Netanyahu, who replaced Olmert who was put on trial, who replaced Sharon who fell into a coma, who replaced Barak, who fell out of favor, who replaced Netanyahu the first time around, bowed to the inevitable. And to his credit, he did it reluctantly.
Netanyahu, we are told, did his best. Like the most dedicated of the ghetto leaders during the Holocaust, he stalled for time, he gave out false lists, he tried to distract the important foreigners swaggering through his ghetto, hoping that they wouldn’t see the children, wouldn’t start thinking about how those children might look splayed across an altar of peace with their throats cut and a bloody worthless peace agreement in their mouths.
But then when he was cornered, he bowed to necessity. Was he a Rumkowski, hallucinating that he could save the Jews of Lodz through peaceful Nazi collaboration, or a Kastner, playing the game to save a majority and then maybe a minority and then leaving with a few trains of important people with the death screams of the half-a-million Jews of Hungary whom he lied to and betrayed for their own good ringing in his ears.
Perhaps when all the peace processes are done, then the Labor Party, Kastner’s party, will rescue a few planeloads of important people from the burning ruins of Israel and mark that as the success of their peace efforts.
If you wish to understand, pause and listen for a moment to Chaim Rumkowski as he delivers the infamous speech to the Jews of the Lodz Ghetto that will one day be known as the “Give Me Your Children” speech.
“The ghetto has been struck a hard blow. They demand what is most dear to it – children and old people. I was not privileged to have a child of my own and therefore devoted my best years to children,” Rumkowski, the former orphanage director turned head of the Lodz Ghetto Judenraat, says, wiping his forehead.
“I lived and breathed together with children. I never imagined that my own hands would be forced to make this sacrifice on the altar. In my old age I am forced to stretch out my hands and to beg: Brothers and sisters, give them to me! Fathers and mothers, give me your children!”
“Yesterday, in the course of the day,” Rumkowski tells the assembled Jews, who only thought that they had lived through hell at that point, “I was given the order to send away more than 20,000 Jews from the ghetto, and if I did not – ‘we will do it ourselves’.”
And it is this phrase. This “we will do it ourselves” that is the true name of the moloch of peace. Hear the rationalizations now from Rumkowski’s lips on September 4, 1942, addressing men and women who are doomed to death. Hear it from the lips of Netanyahu and his associates.

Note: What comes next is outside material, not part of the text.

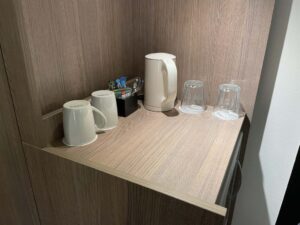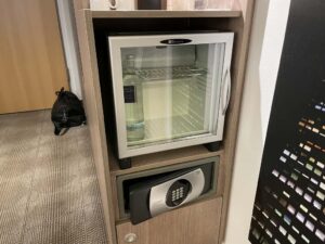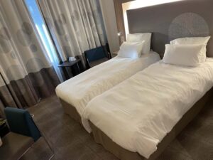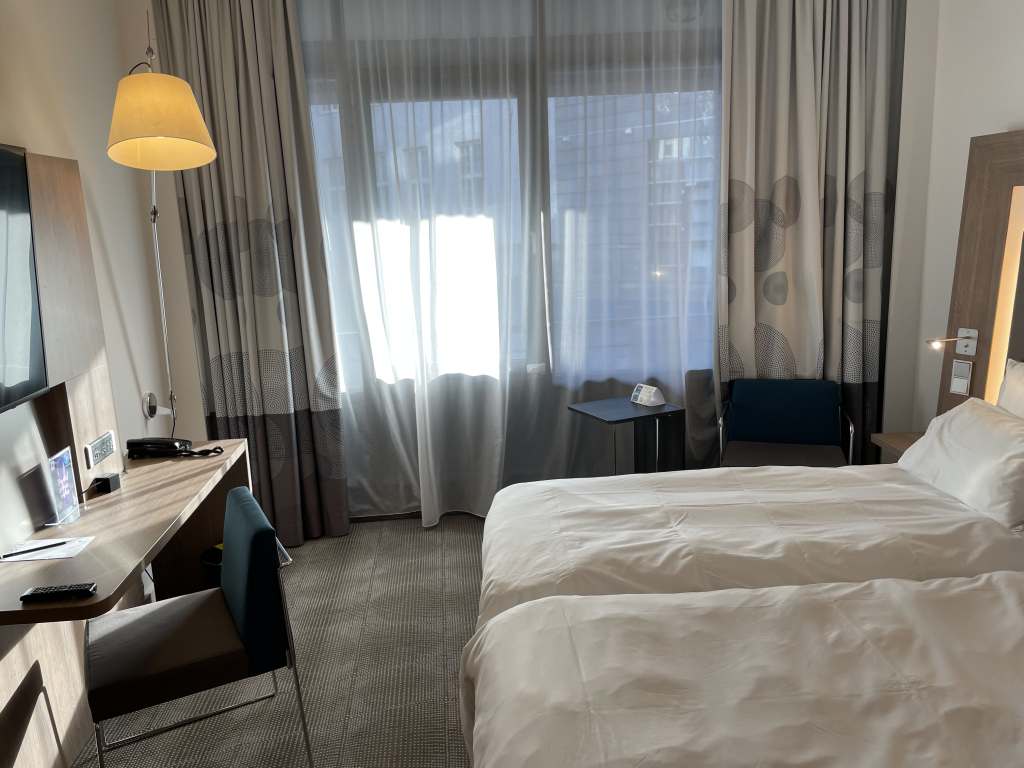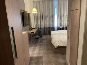 Das Zimmer hatte einen Blick auf die Einfahrt zur Tiefgarage und war mit zwei Einzelbetten ausgestattet. Auf der Längsseite des Zimmers gab es zunächst einen Gaderobenschrank, anschließend eine Kofferablage, Minibar, Safe und ein Wasserkocher mit Tee und Instant-Kaffee. Daran schloss sich ein Schreibtisch mit zusätzlichem Stuhl an, über dem ein 55 Zoll großer Smart-TV hing.

Hear it from the conservative rationalizers who warn that if Israel does not give up its children on the altar of peace, Obama and the European Union and all the rest will do it themselves. “The question arose: ‘Should we have accepted this and carried it out ourselves, or left it to others?’ But as we were guided not by the thought: “how many will be lost?” but “how many can be saved?” we arrived at the conclusion – those closest to me at work, that is, and myself – that however difficult it was going to be, we must take upon ourselves the carrying out of this decree,” Rumkowski said, transforming his collaboration in the murder of thousands of children into an act of personal courage.